On Mon, Apr 12, 2010 at 2:42 PM, Jonathan Rochkind <[log in to unmask]> wrote:
> Yeah, I may have gotten it completely wrong.
>
> Okay, help this grasshopper (possibly by pointing me to relevant
> documentation), what's the difference between "document-based" and
> "key-value store"? When I've looked at CouchDB before, despite it
> describing itself as "document based", I haven't been able to tell what the
> difference is between it and a "key value store". It seemed to support
> storing a "document" by key, and retrieving it by key. It didn't seem to
> _do_ anything special with the document other than storing it there (maybe
> it DOES, but I missed it?). So you can call it a "document" instead of a
> "value", but I couldn't figure out how that differed from a key-value store.
>
I'm guessing just scope and focus. You could use mysql as document or
key-value store. Each row a document w/ collection of keys (column)
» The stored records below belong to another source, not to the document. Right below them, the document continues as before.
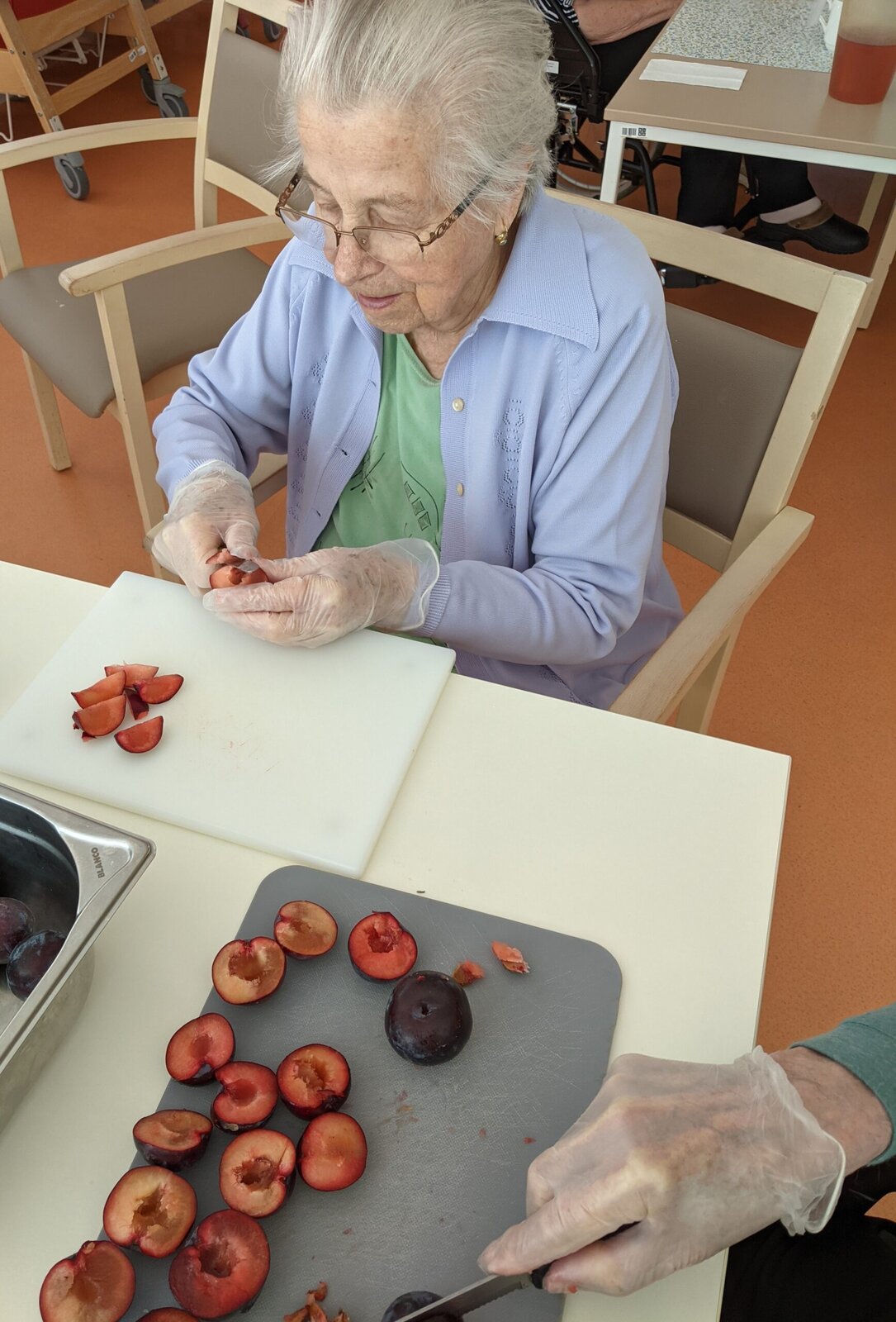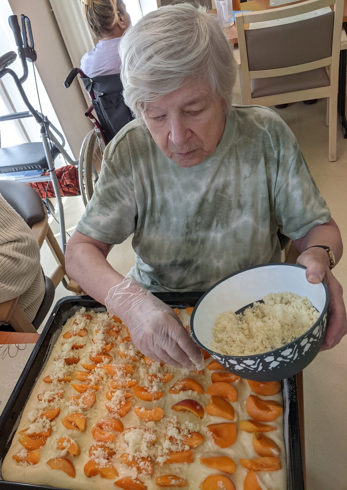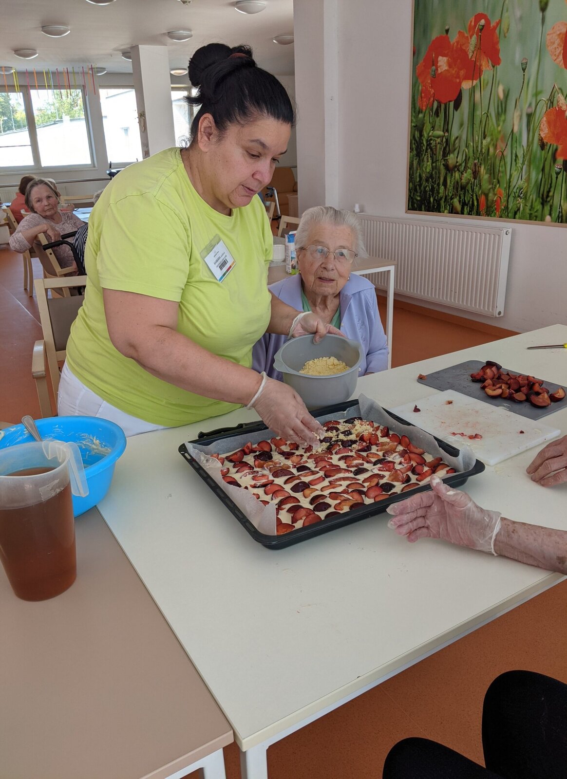 Naši klienti se s radostí zapojili do příprav od vybírání meruněk a blum, přes míchání těsta až po samotné pečení.
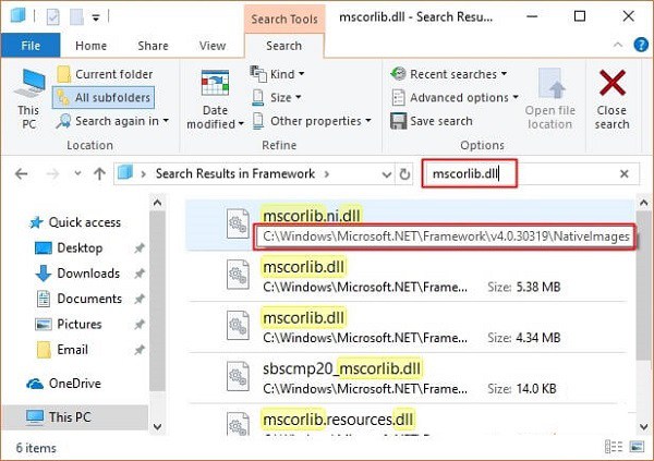 Bước 3 : Để kiểm tra xem các bạn đang được sử dụng phiên bản nào, thì hãy nhập mscorlib.dll vào ô tìm kiếm ở góc phía trên bên phải. Kết quả hiện ra ở thư mục nào đầu tiên thì các bạn đang sử dụng phiên bản đó.
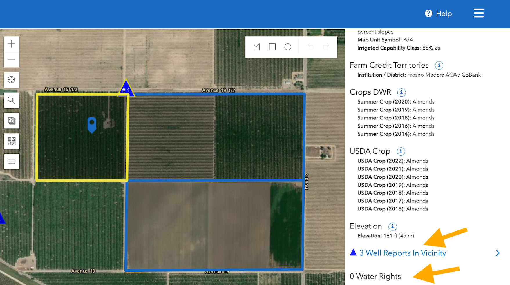 - To add Wells or Water Rights to a parcel group, click within a parcel in your parcel group on the map. The right hand sidebar will appear. Scroll within the right hand sidebar to the Wells and/or Water Rights information. Click on the Wells or Water Rights text to view a list of all Wells or Water Rights in the area. It can also be helpful to turn on the Wells and/or Water Rights map layers to view their location together with your parcel.

and values. But what you can do with the data really defines it. Redis
has collections of key/values but they are termed sets and lists and
the functions you have to work with them (like intersections, pop,
put, etc) center around that type of construct. Couchdb has
collections of key/values (json datatypes) but some of the functions
tend to be "document" oriented w/ revisions and updates being centered
around the whole json record versus just pairs within it.
You could put your logs, marc records broken out by fields or
arrays/hashes (types in couchdb) in any of them but the approach each
takes would limit you (or empower you) differently.